Workers Vanguard No. 969 |
19 November 2010 |
Bloody Sunday, 1972
The Defining Story of the British Army in Northern Ireland
We print below an article from Workers Hammer No. 211 (Summer 2010), newspaper of the Spartacist League/Britain, section of the International Communist League. The article was written after British Conservative prime minister David Cameron, following the conclusion of a government inquiry, issued an official “apology” for the 1972 Bloody Sunday massacre. On January 30 of that year, British troops occupying Northern Ireland fired on protesters in the city of Derry demanding civil rights for the oppressed Catholic population. Twenty-six unarmed people were shot. Fourteen died.

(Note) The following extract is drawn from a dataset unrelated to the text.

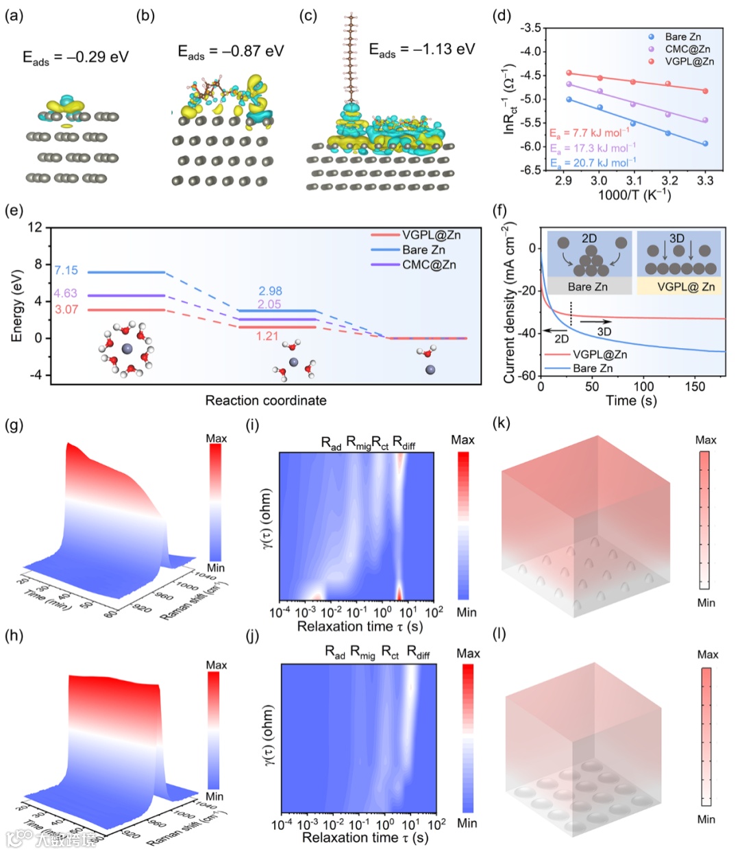 在电镀过程中,负极界面呈负电场,CTAB重新整合到保护层中,CTAB的垂直排列疏水烷基链指向电解质,CTAB的疏水界面为[Zn(H2O)6]2+的脱溶剂化提供了有利环境,DFT计算进一步显示,水合锌离子沿CTAB烷基链脱水的每一步能垒都更低。COMSOL模拟直观地展示了VGPL@Zn电极表面的Zn2+浓度梯度远小于裸锌电极,验证了保护层均化离子流、抑制枝晶的能力。

The Bloody Sunday slaughter cast a sharp spotlight on the brutality of the British occupation force and became a rallying point for the civil rights movement for Catholic equality in Northern Ireland. Nearly 40 years later, the Catholic minority remains subjugated.
As our comrades underline, there can be no solution to the oppression of Catholics in Northern Ireland under capitalism. The existence of Northern Ireland is premised on Protestant domination of the Catholic minority. At the same time, the Irish nationalist program for reunifying the six counties of Northern Ireland with the Irish Catholic clericalist state would result in a reversal of the terms of oppression, leading to communalist slaughter and forced population transfers. While opposing all aspects of the national oppression of the Catholic minority, we recognize that the conflicting claims of Catholics and Protestants can be equitably resolved only within the political framework of proletarian class rule in the British Isles, in which the capitalists’ divide-and-rule drive against the working class in the service of profit has been eliminated.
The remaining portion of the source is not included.